According to a private survey, India’s services sector activity had slumped to a six-month low by a substantial demand easing amid high inflation. The S&P Global India services Purchasing Managers’ Index decreased to 54.3 from 57.2 in August. Despite waiting above the 50-mark separating growth from reduction for the 14th straight month, the longest expansion since October 2016 and the index fell lowest since March.
Although, the fresh business sub-index, a measure of demand, cooled knowingly to its lowest in March, being above 50 for the 14th month in a row. International demand, which hasn’t revived since the pandemic outbreak, endured sub-50 amid global woes despite the weakest drop in September since January. Demand slowed as firms upraised their prices for the 19th month facing higher energy, food, labour, and material costs.
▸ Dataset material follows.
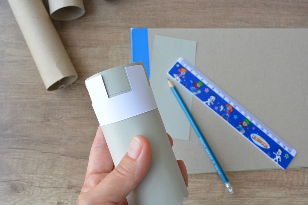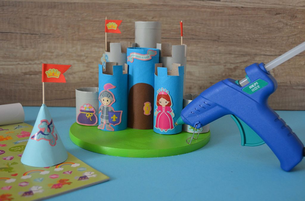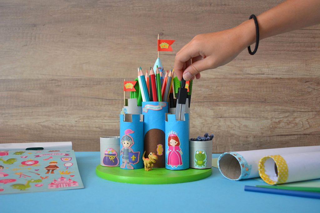 Dipingete la base di verde con la pittura acrilica e fissate la vostra composizione di tubi alla base. Create il tetto alla torre principale con un compasso o utilizzando un cd come misura, tagliate un cerchio dal cartoncino celeste e dividetelo in due parti. Avvolgetelo a cono e incollate i due lati. Con gli stuzzicadenti e un resto di cartoncino rosso create le bandiere. Ora non vi resta che decorare il castello coi vostri adesivi preferiti, riempirlo con le vostre matite e colori e sistemare il vostro nuova porta tutto in bella mostra sulla scrivania.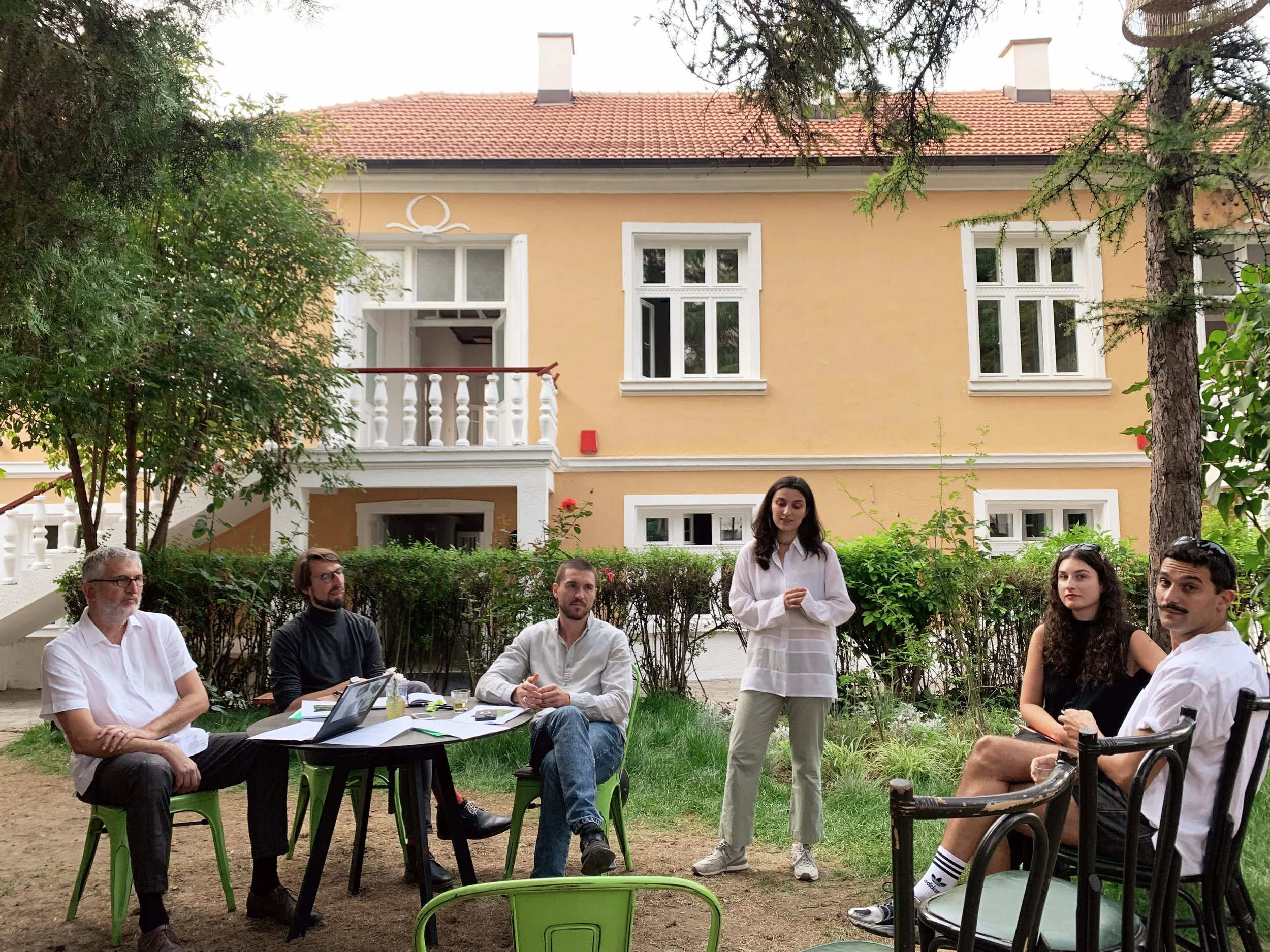 I arrived in Pristina in the afternoon and learned from the Manifesta website about an event happening that evening at the Centre for Narrative Practice. I arrived at a convivial garden, tucked behind a busy street, humming with conversation in the golden-blue evening light. Upon entering the building I was profoundly taken with the selection of texts in their nascent library, skillfully chosen for their influence on the facets of contemporary art we might describe as concerned with developing better relations on a shared planet. Upstairs was a screening room and a number of open studio project spaces that included works in progress and thematic historical archives.

The Reserve Bank of India (RBI) has increased interest rates by 190 bps since May to stem inflation and offset the effects of aggressive US Federal Reserve hikes, weakening many currencies, including the rupee. India’s Foreign reserves have declined by $100 billion to $545 billion after the RBI shored up the rupee. A Reuter poll found that they were expected to fall by $523 billion by year-end.
The silver lining was the future’s activity sub-index, measuring optimism that rose to its uppermost in almost eight years, giving confidence in brighter growth. The aggregate S&P Global India Composite PMI Output Index decelerated to 55.1 from 58.2 in August as both manufacturing and services sectors cooled on dropping demand.